REQUIRED ACTION = Using the entries below, write out the line with "N2501 18k Gold", the line with "Es wurde geredet, gelacht", and every line in between, exactly as each is written.

SOURCE MATERIAL =
/---

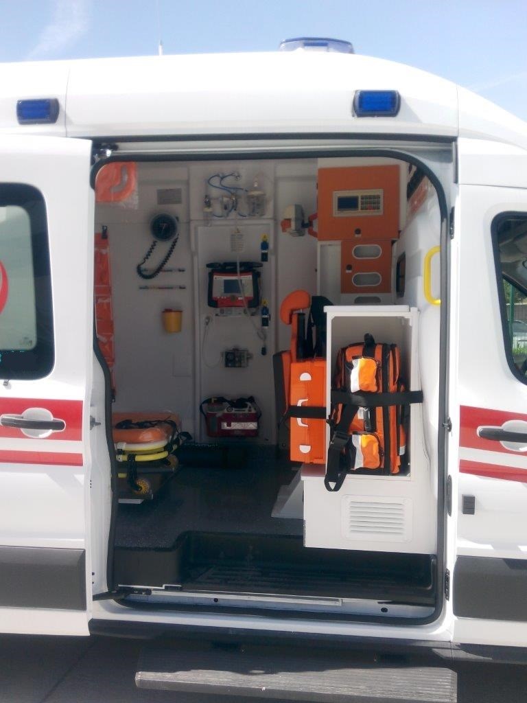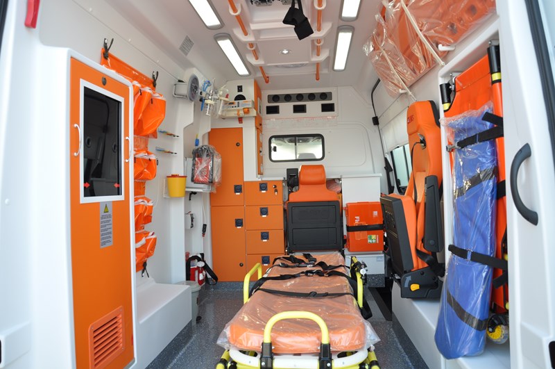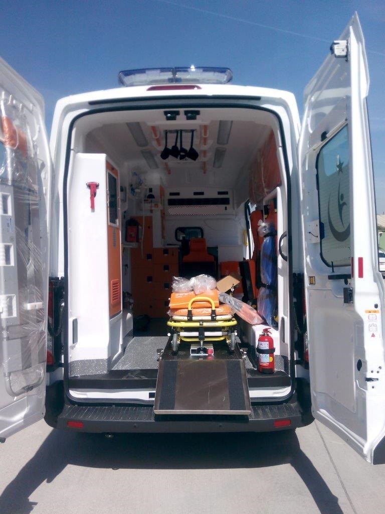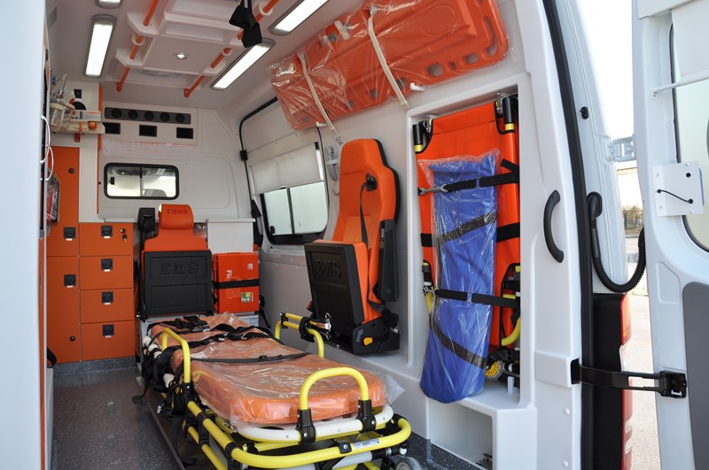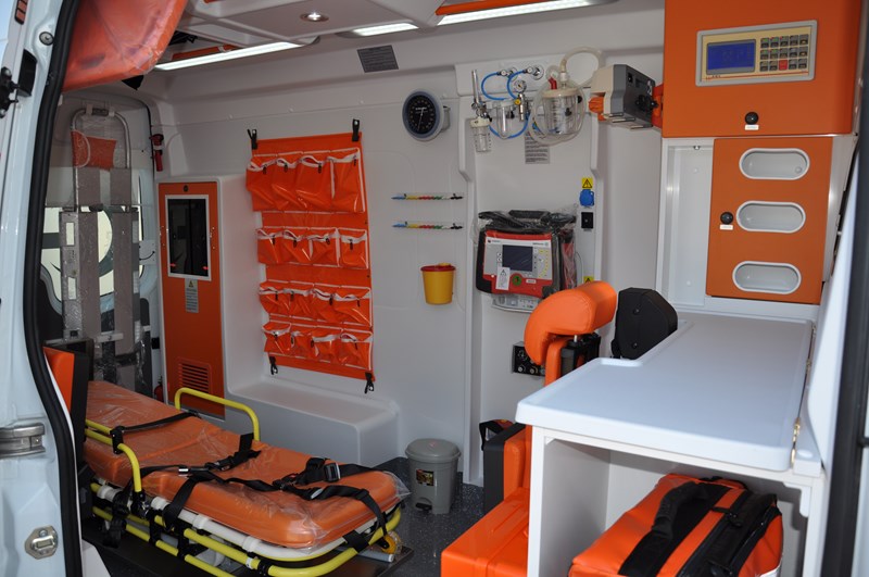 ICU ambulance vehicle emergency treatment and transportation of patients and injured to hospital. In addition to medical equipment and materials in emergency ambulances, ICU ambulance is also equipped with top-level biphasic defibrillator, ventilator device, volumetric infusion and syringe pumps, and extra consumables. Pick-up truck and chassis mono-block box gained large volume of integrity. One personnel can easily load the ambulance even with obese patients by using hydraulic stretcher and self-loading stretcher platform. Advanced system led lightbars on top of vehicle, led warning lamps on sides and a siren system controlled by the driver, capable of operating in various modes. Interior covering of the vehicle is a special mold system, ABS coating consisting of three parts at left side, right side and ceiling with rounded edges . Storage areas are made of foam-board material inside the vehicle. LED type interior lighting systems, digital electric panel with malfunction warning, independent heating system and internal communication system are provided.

\---
/---

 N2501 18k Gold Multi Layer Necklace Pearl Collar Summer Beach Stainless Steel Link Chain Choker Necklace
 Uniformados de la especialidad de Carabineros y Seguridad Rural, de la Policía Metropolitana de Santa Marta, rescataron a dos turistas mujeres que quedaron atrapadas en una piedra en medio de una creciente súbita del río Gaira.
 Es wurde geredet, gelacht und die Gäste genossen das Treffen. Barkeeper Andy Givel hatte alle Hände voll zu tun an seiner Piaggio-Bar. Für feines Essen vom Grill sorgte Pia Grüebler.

\---

ANSWER BOX =
 N2501 18k Gold Multi Layer Necklace Pearl Collar Summer Beach Stainless Steel Link Chain Choker Necklace
 Uniformados de la especialidad de Carabineros y Seguridad Rural, de la Policía Metropolitana de Santa Marta, rescataron a dos turistas mujeres que quedaron atrapadas en una piedra en medio de una creciente súbita del río Gaira.
 Es wurde geredet, gelacht und die Gäste genossen das Treffen. Barkeeper Andy Givel hatte alle Hände voll zu tun an seiner Piaggio-Bar. Für feines Essen vom Grill sorgte Pia Grüebler.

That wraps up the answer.